Teriyaki-Glazed Salmon with Stir-Fried Vegetables
A fresh and flavorful Asian-style dish that is as easy to make as it is colorful.
Makes
Serving size
Ingredients
For salmon:
2 tablespoons light teriyaki sauce
¼ cup mirin (or sweet rice wine)
2 tablespoons rice vinegar
2 tablespoons scallions (green onions), rinsed and minced
1½ tablespoon ginger, minced (or 1 teaspoon ground)
12 ounces salmon fillets, cut into 4 portions (3 ounces each)
For vegetables:
1 bag (12 ounces) frozen vegetable stir-fry
½ tablespoon peanut oil or vegetable oil
½ tablespoon garlic, minced (about 1 clove)
1 tablespoon ginger, minced (or 1 teaspoon ground)
1 tablespoon scallions (green onions), rinsed and minced
1 tablespoon lite soy sauce
Instructions
- Preheat oven to 350 ºF.
- Thaw frozen vegetables in the microwave (or place entire bag in a bowl of hot water for about 10 minutes).

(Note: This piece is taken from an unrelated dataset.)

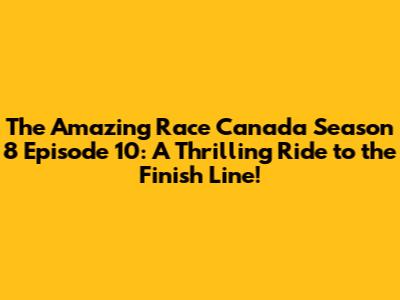 Overall, Episode 10 of The Amazing Race Canada Season 8 was a thrilling and captivating ride. From the challenging Detours and Roadblocks to the stunning Canadian landscapes, this episode had it all. The teamwork, the strategic decisions, and the unexpected twists made for an unforgettable viewing experience. Whether you're a die-hard fan or a casual viewer, this episode was a testament to the excitement and adventure that The Amazing Race Canada has to offer. So, what did you guys think of the episode? Who are you rooting for to win it all? Let us know in the comments below! And don't forget to tune in next week for the grand finale!
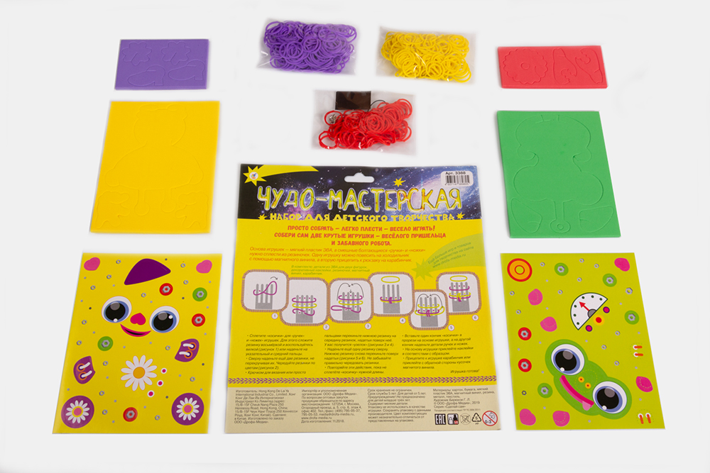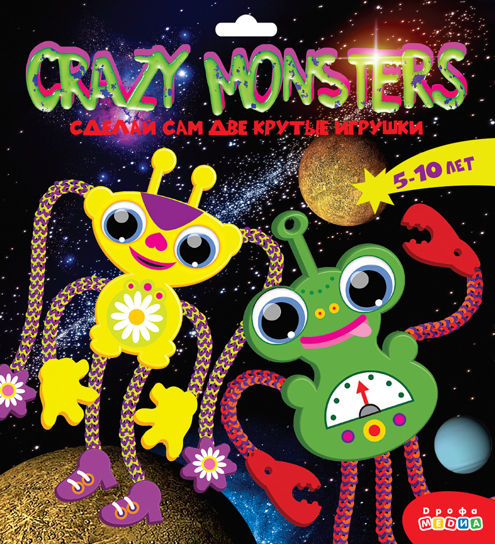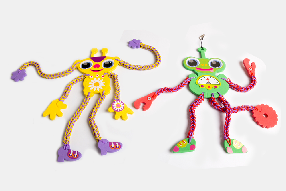 Все дети любят яркие и необычные игрушки. А если игрушка сделана самостоятельно, то становится одной из самых любимых. С набором для творчества Crazy monsters легко сделать целых две крутые игрушки: весёлого пришельца и забавного робота. Основа игрушек — лёгкий и прочный ЭВА, а смешные болтающиеся «ручки» и «ножки» нужно сплести из резиночек (подробная инструкция в комплекте). Одну игрушку можно повесить на холодильник с помощью кусочка магнитного винила, а вторую — прицепить к рюкзаку с помощью карабинчика.

Set aside until step 7.
- Combine teriyaki sauce, mirin, rice vinegar, scallions, and ginger. Mix well. Pour over salmon and marinate for 10 to 15 minutes.
- Remove salmon from the marinade and discard unused portion.
- Place salmon on a baking sheet and bake for 10 to 15 minutes or until fish flakes easily with a fork in the thickest part (minimum internal temperature of 145°F).
- Meanwhile, heat oil in a large wok or sauté pan. Add garlic, ginger, and scallions, and cook gently but do not brown, about 30 seconds to 1 minute.
- Add vegetables and continue to stir fry for 2 to 3 minutes or until heated through. Add soy sauce.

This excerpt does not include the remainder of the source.